The FDA has granted orphan drug status to P-BCMA-101, a cell-based immunotherapy for the treatment of relapsed or refractory multiple myeloma.
P-BCMA-101 (Poseida Therapeutics) is an autologous chimeric antigen receptor T-cell therapy comprising a high percentage of stem cell memory T cells that target cancer cells expressing the B-cell maturation antigen.
“P-BCMA-101 has demonstrated outstanding potency, with strikingly low rates of toxicity in our phase 1 clinical trial,” Eric Ostertag, MD, PhD, CEO of Poseida Therapeutics, said in a press release. “In fact, the FDA has approved fully outpatient dosing in our phase 2 trial starting in the second quarter of 2019.”
Poseida Therapeutics previously reported preliminary data from its phase 1 trial of P-BCMA-101 for patients with multiple myeloma. Eleven patients were participating in the study as of September 2018, with 70% having at least a partial response to treatment. One patient had suspected cytokine release syndrome and no patients experienced neurotoxicity; both are common toxicities associated with CAR T-cell therapy.

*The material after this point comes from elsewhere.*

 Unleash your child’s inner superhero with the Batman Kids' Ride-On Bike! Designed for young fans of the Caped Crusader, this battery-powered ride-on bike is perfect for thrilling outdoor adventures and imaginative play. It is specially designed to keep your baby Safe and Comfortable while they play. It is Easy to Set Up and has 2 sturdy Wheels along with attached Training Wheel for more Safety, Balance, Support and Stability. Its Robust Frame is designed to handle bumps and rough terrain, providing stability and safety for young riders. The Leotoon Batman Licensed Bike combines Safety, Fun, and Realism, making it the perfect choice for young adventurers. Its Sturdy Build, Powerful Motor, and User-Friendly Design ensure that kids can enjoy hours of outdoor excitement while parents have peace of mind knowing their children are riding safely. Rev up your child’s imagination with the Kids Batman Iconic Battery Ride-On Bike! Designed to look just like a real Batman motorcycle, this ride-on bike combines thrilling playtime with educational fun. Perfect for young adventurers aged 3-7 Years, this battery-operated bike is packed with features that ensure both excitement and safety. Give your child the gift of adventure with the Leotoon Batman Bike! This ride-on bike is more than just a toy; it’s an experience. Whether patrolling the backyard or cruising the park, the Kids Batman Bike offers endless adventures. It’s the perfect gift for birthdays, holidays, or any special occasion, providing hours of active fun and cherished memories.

P-BCMA-101 was developed using Poseida’s proprietary piggyBac technology — a DNA modification system that “results in CAR-T product candidates with a high percentage of stem cell memory T cells, the only T cell that is self-renewing and long-lived, leading to CAR-T products with improved efficacy, lower toxicity and potentially greater durability than earlier-generation CAR-T therapies,” according to the release.

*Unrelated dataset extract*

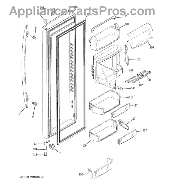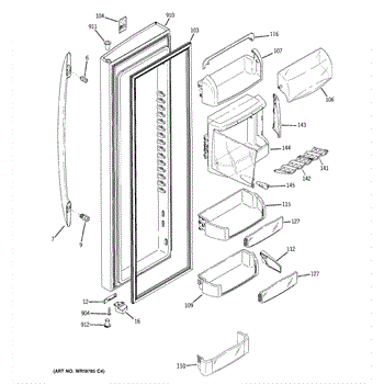 The Door Bin is an OEM part for GE refrigerators. It is a convenient storage compartment located on the interior of the refrigerator door, designed to hold and organize smaller items such as condiments, jars, or beverages.

The FDA Office of Orphan Products Development grants orphan drug designation to novel drugs and biologics that are intended for the safe and effective treatment, diagnosis or prevention of rare diseases or disorders that affect fewer than 200,000 people in the United States. The designation allows manufacturers to qualify for various incentives, including tax credits for qualified clinical trials and — upon regulatory approval — 7 years of market exclusivity.